Imparare italiano è molto facile per gli spagnoli, ed è ancora più facile per noi catalanoparlanti. Io ho studiato italiano soltanto due anni, con libri e professori.

Lo stesso accade con il francese. Per noi è davvero facile da imparare.


----------



## Vchap

Io invece penso di no.É facile farsi capire, é facile (su per giù) essere un parlante passivo (leggere o sentire l´italiano se sei spagnolo studente di italiano e viceversa), la fonetica è più semplice di quella del francese, l' inglese per noi.
Ma, alla fine,é difficile parlare l´altra lingua, fare a meno delle strutture della madrelingua e utilizzare quelle dell' italiano (oppure dello spagnolo) che sono molto diverse.Ossia, un italiano ti puó capire se parti dalla struttura spagnola, ma essere capito c´entra con la comunicazione, parlare correttamente con lo studio della lingua.
E difficile ricordare se una tale parola esiste nella nuova lingua o meno.
E difficile (per me) pensare da italiano, usare dei avverbi o pronomi dei cui non c´è bisogno in spagnolo.Un italiano privo di questi elementi potrebbe essere capito, ma non sarebbe affatto un bell'italiano.
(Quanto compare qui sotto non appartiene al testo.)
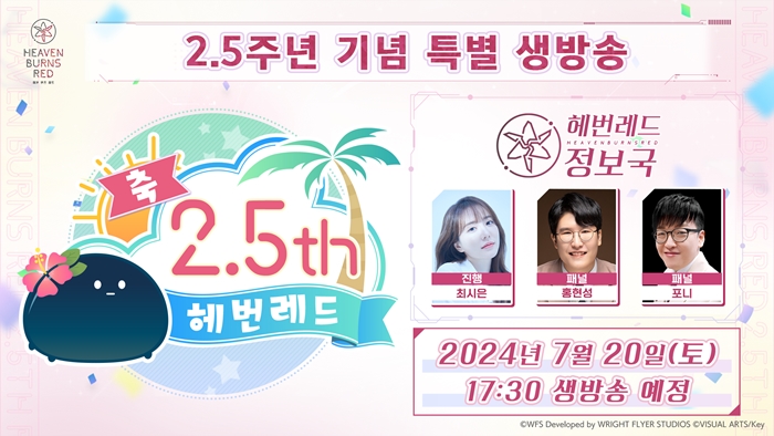 헤븐 번즈 레드 2.5주년을 기념하여 2024년 7월 20일(토) 17:30부터 한국 공식 유튜브 채널을 통해 '2.5주년 기념 특별 생방송'을 진행한다.
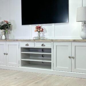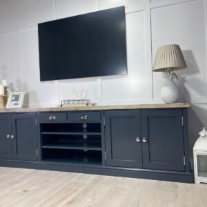 Introducing one of our traditionally handcrafted 2.4m Shaker TV stands. Made from a gorgeous radiata knot free pine these units are built to last a lifetime. The main image showcases the amazing architectural colour Pavilion Grey which pairs beautifully with our Distressed worktop. The other 2 images represent the colours Ammonite and Railings.
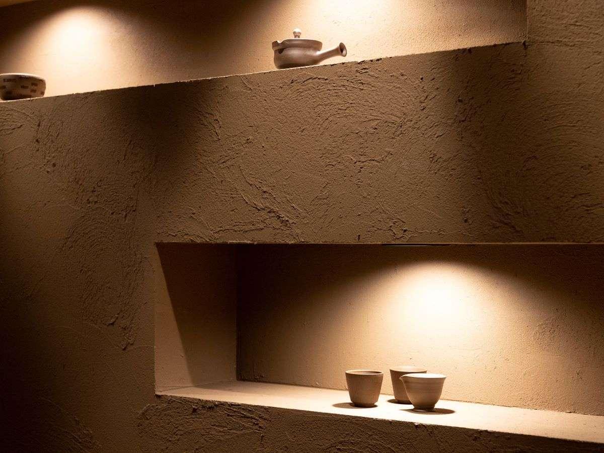 【お食事処「湯相七席」】器などをディスプレイの一つに。
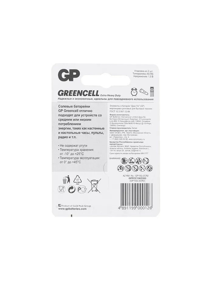 Солевой тип батарей GP не содержит тяжелых металлов, таких как ртуть и кадмий. Источники питания являются экологически чистым продуктом, безопасным для эксплуатации в бытовых условиях, а также для окружающей среды в процессе утилизации и переработки по окончанию срока службы.
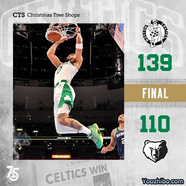 直播车 4月11日讯 NBA常规赛迎来收官之战,灰熊主场迎战凯尔特人,灰熊目前56胜25负已经确定名列联盟次席,而凯尔特人本场取胜则排在东部第3位,灰熊多名主力本场轮休。开局绿军迅速进入状态建立主动权,但残阵灰熊众将也通过外线三分给出回应并咬住比分,绿军依靠内线优势还是领先到7分,次节灰熊持续追分,但绿军依靠不错的手感回应小高潮稳住优势,节末塔图姆找到外线手感连中三元将分差直接拉开至20分以上。第三节,双方持续展开拉锯战,绿军众将都能给出回应,替补也是发挥出色持续取分,三节结束绿军依然领先25分,末节绿军直接换上替补中的替补练兵,上来就一波小高潮直接拉开至30分以上分差,随后双方你来我往,绿军牢牢掌握住优势,最终绿军大胜残阵灰熊,常规赛圆满收官的同时锁定东部第2。

Quindi,secondo me, e più facile, e questo lo rende più difficile perchè spesso si trascura lo studio della lingua e delle sue funzioni in posto del vocabolario.

Come esempio ti dirò: quest´anno scorso ho studiato a Siena.All´inizio, gli tedeschi, svedesi, inglesi, non potevano parlare con gli italiani, noi invece si.Dopo nove mesi, tutti parlavano meglio l´italiano di qualunque spagnolo.

Quindi, attenzione!


----------



## muriel

Il castigliano, che noi denominiamo in modo universale "spagnolo", non è invece tanto semplice per un italiano. Più semplice di inglese tedesco, ma non tanto differente per difficoltà dal francese. Io studio da poco e la mia maggiore difficoltà non sta tanto nella comprensione dei vocaboli, i quali sono per tanti versi affini a quelli delle altre lingue romanze, bensì nei verbi e nelle costruzioni, come pure si è ben fatto notare nei Post precedenti.
Ecco qua la situazione dai due punti di vista.

Muriel


----------



## irene.acler

Vchap said:


> Io invece penso di no.É facile farsi capire, è facile (su per giù) essere un parlante passivo (leggere o sentire l´italiano se sei spagnolo studente di italiano e viceversa), la fonetica è più semplice di quella del francese, l' inglese per noi.
> Ma, alla fine, é difficile parlare l´altra lingua, fare a meno delle strutture della madrelingua e utilizzare quelle dell' italiano (oppure dello spagnolo) che sono molto diverse. Ossia, un italiano ti puó capire se parti dalla struttura spagnola, ma essere capito c´entra con la comunicazione, parlare correttamente con lo studio della lingua.
> E' difficile ricordare se una tale parola esiste nella nuova lingua o meno.
> E' difficile (per me) pensare da italiano, usare degli avverbi o pronomi dei quali non c´è bisogno in spagnolo. Un italiano privo di questi elementi potrebbe essere capito, ma non sarebbe affatto un bell'italiano.
> 
> Quindi,secondo me, è più facile, e questo lo rende più difficile perchè spesso si trascura lo studio della lingua e delle sue funzioni al posto del vocabolario.
> 
> Come esempio ti dirò: l'anno scorso ho studiato a Siena. All´inizio, gli tedeschi, svedesi, inglesi, non potevano parlare con gli italiani, noi invece si.Dopo nove mesi, tutti parlavano meglio l´italiano di qualunque spagnolo.
> 
> Quindi, attenzione!



Sono d'accordo con te. Può essere facile essere un parlante passivo ma non lo è altrettanto essere un parlante attivo, esprimendosi con correttezza utilizzando le espressioni tipiche dell'altra lingua.


----------



## irene.acler

ferran said:


> Ciao,
> io studio l'italiano da 5 anni e lo spagnolo da qualche mese  e ci sono tante similarita' (l'italiano mi aiuta molto).
> Mi interessa che rapporto hanno gli italiani con gli spagnoli e viceversa.
> 
> Quanto e' difficile/facile imparare l'italiano o lo spagnolo come una lingua straniera per voi?
> 
> Scusate gli errori.



Attenzione: nel titolo hai scritto "similirità", ma la parola corretta è "similarità". Sarebbe ancora meglio dire "somiglianze" in questo contesto.


----------



## claudine2006

irene.acler said:


> Sono d'accordo con te. Può essere facile essere un parlante passivo ma non lo è altrettanto essere un parlante attivo, esprimendosi con correttezza utilizzando le espressioni tipiche dell'altra lingua.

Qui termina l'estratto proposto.